Segment Start: Stored data

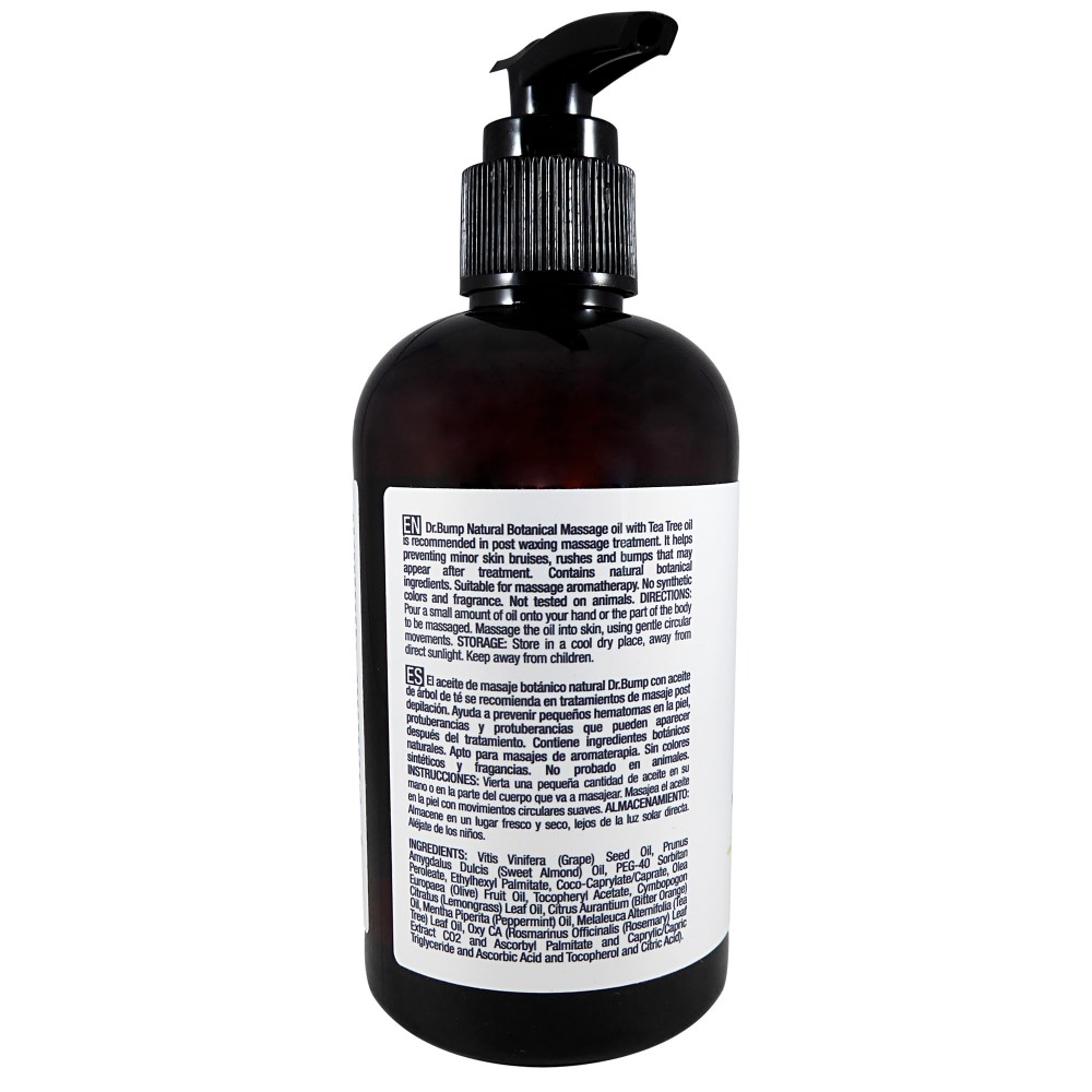 Dr.Bump Natural Botanical Massage oil with Tea Tree oil is recommended in post waxing massage treatment. It helps preventing minor skin bruises, rushes and bumps that may appear after treatment. Contains natural botanical ingredients. Suitable for massage aromatherapy.No synthetic colors and fragrance. Not tested on animals.
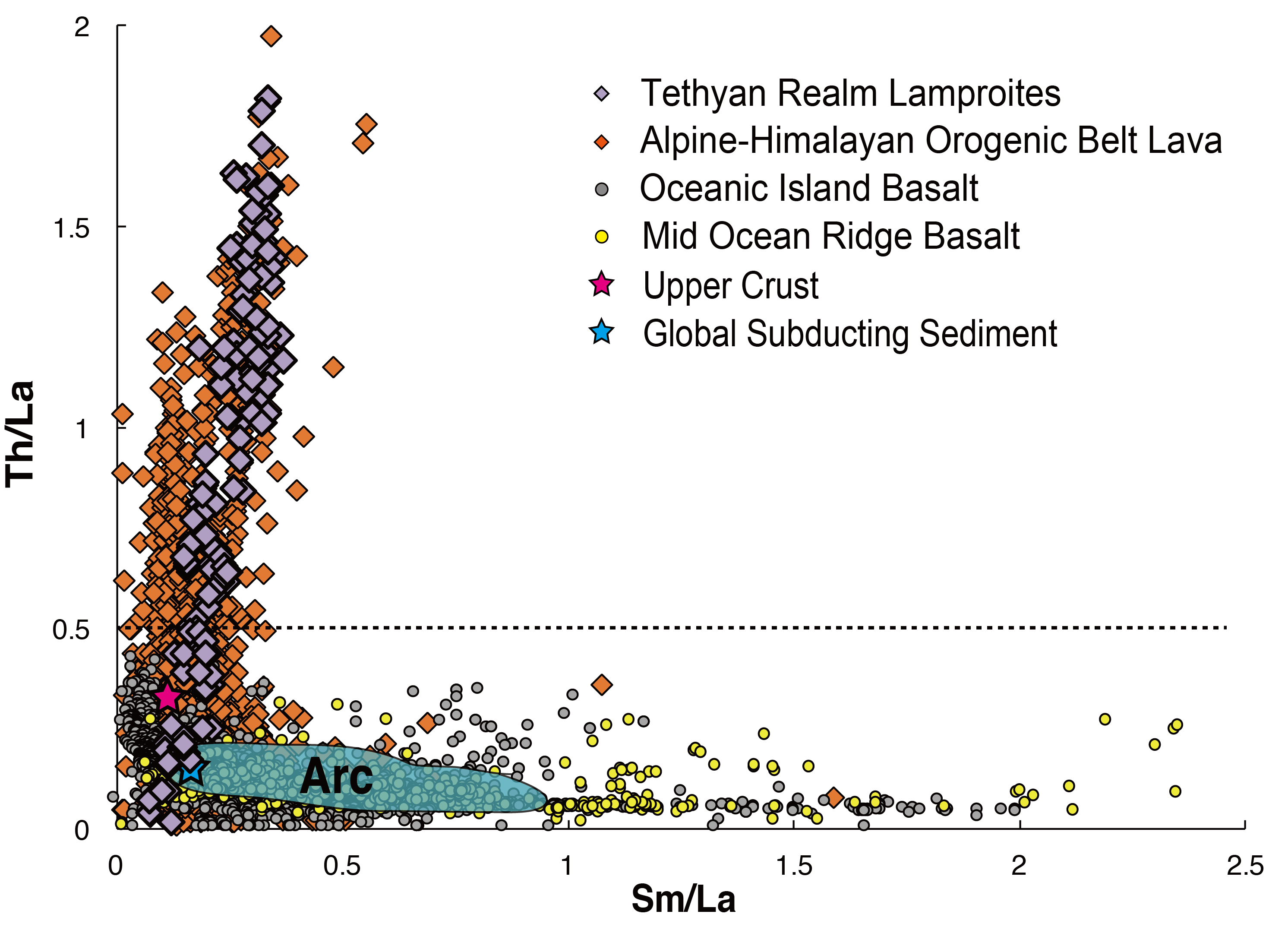 The Th/La ratio has been used to assess whether certain chemical features shared by arc magmas and continental crust are induced by subduction processes or are derived from recycled subducted sediment. In normal circumstances the Th/La ratio of mantle-derived magmas should be relatively constant and no greater than 0.5. However, post-collisional lamproites of the “Tethyan-realm”, which later developed into the Alpine-Himalayan Orogenic Belt (AHOB), were reported to have high Th/La ratios of up to 2.2. Given their exceptional enrichment in potassium and other strongly incompatible elements, lamproites have been considered the optimal probe to characterize strongly metasomatised mantle to constrain the source of the Alpine-Himalayan orogenic magmatism. The unusual geochemical signature of extremely high Th/La coupled with relatively low Sm/La is not restricted to lamproites in the Alpine-Himalayan orogenic belt, but also occurs in many other potassium-rich volcanic rocks in the same belt (Fig. 1). Two main mechanisms have been put forward to explain this anomalously high Th/La: [1] preferential uptake of La relative to Th in mafic minerals during direct melting of continental crust; and [2] melting of mélanges that include lawsonite/zoisite-bearing blueschists accreted to the colliding continental plates.
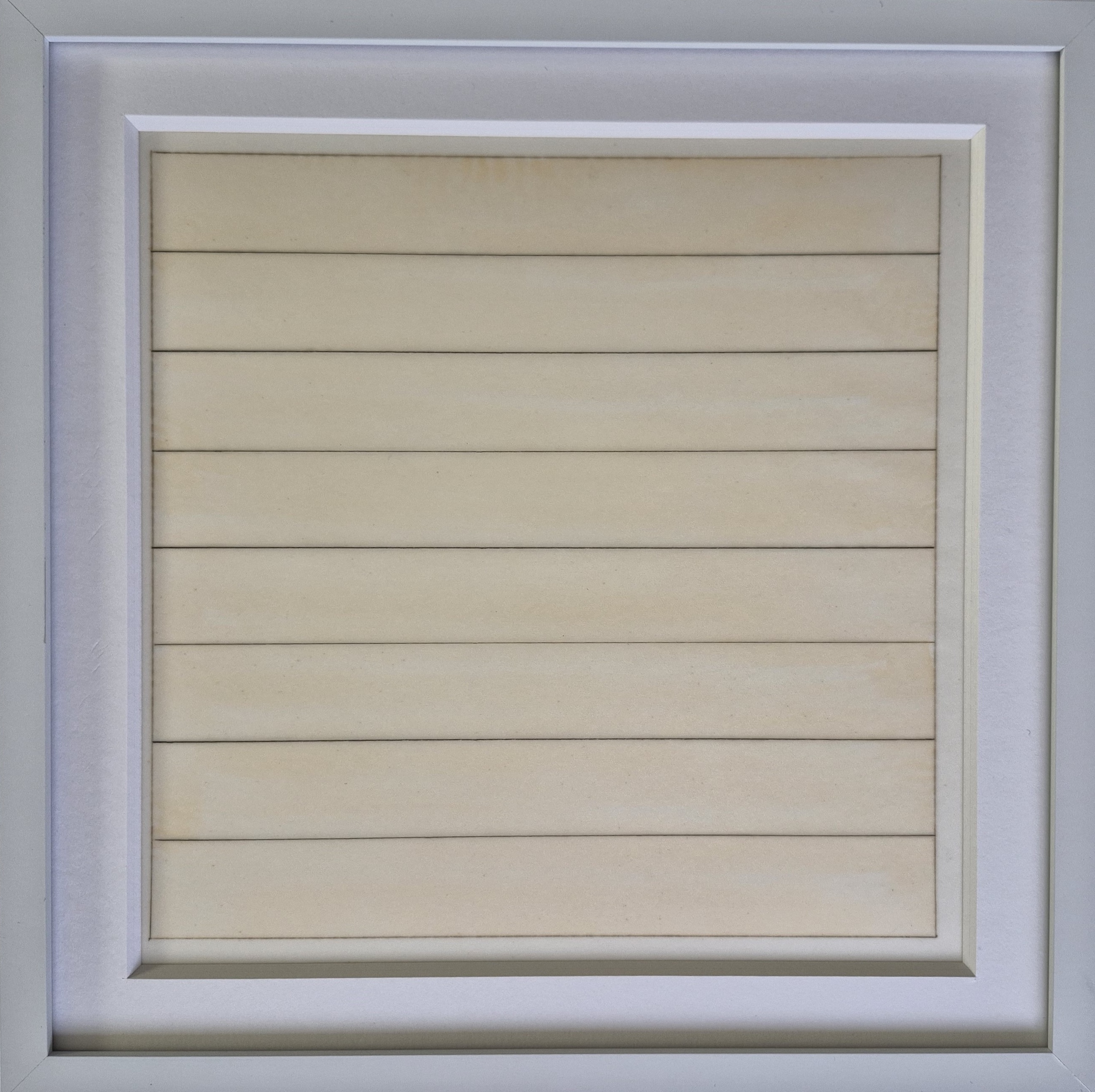 Litografía sobre pergamino vitela. – No firmada ni numerada. – Publicada por Nemela & Lenzen GmbH, Mönchengladbach, y el Stedelijk Museum, Ámsterdam, con motivo de la retrospectiva de Agnes Martin en 1991 en el Stedelijk Museum. Untitled 9 de Agnes Martin es una litografía de 1991 sobre pergamino, producida para su retrospectiva en el Stedelijk Museum. La obra presenta bandas horizontales amplias en tonos tierra claros, con sutiles variaciones de textura. A diferencia de sus composiciones basadas en líneas, esta pieza se acerca más a la abstracción atmosférica, evocando serenidad y paso del tiempo. Las divisiones suaves crean un ritmo contemplativo. Editada en una tirada de 2500, refleja la sensibilidad de Martin hacia la simplicidad emocional y la armonía silenciosa.
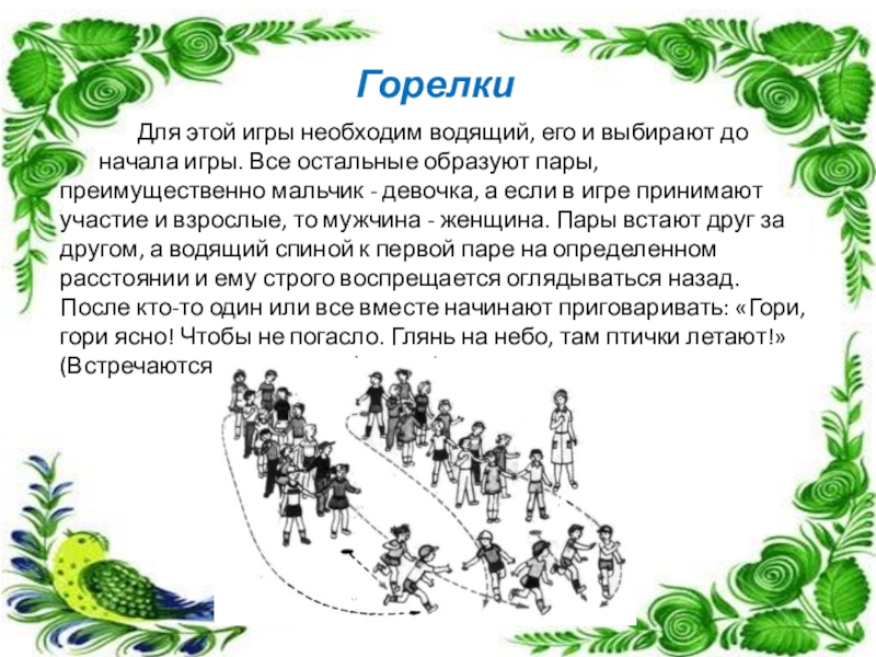 начала игры. Все остальные образуют пары, преимущественно мальчик - девочка, а если в игре принимают участие и взрослые, то мужчина - женщина. Пары встают друг за другом, а водящий спиной к первой паре на определенном расстоянии и ему строго воспрещается оглядываться назад. После кто-то один или все вместе начинают приговаривать: «Гори, гори ясно! Чтобы не погасло. Глянь на небо, там птички летают!» (Встречаются и другие рифмовки).

Segment End: Stored data

Work order: Word for word and without pictures, restate only the lines running from the one that contains "Litografía sobre pergamino" through the last line of the listing above.

Task solution:
 Litografía sobre pergamino vitela. – No firmada ni numerada. – Publicada por Nemela & Lenzen GmbH, Mönchengladbach, y el Stedelijk Museum, Ámsterdam, con motivo de la retrospectiva de Agnes Martin en 1991 en el Stedelijk Museum. Untitled 9 de Agnes Martin es una litografía de 1991 sobre pergamino, producida para su retrospectiva en el Stedelijk Museum. La obra presenta bandas horizontales amplias en tonos tierra claros, con sutiles variaciones de textura. A diferencia de sus composiciones basadas en líneas, esta pieza se acerca más a la abstracción atmosférica, evocando serenidad y paso del tiempo. Las divisiones suaves crean un ritmo contemplativo. Editada en una tirada de 2500, refleja la sensibilidad de Martin hacia la simplicidad emocional y la armonía silenciosa.
 начала игры. Все остальные образуют пары, преимущественно мальчик - девочка, а если в игре принимают участие и взрослые, то мужчина - женщина. Пары встают друг за другом, а водящий спиной к первой паре на определенном расстоянии и ему строго воспрещается оглядываться назад. После кто-то один или все вместе начинают приговаривать: «Гори, гори ясно! Чтобы не погасло. Глянь на небо, там птички летают!» (Встречаются и другие рифмовки).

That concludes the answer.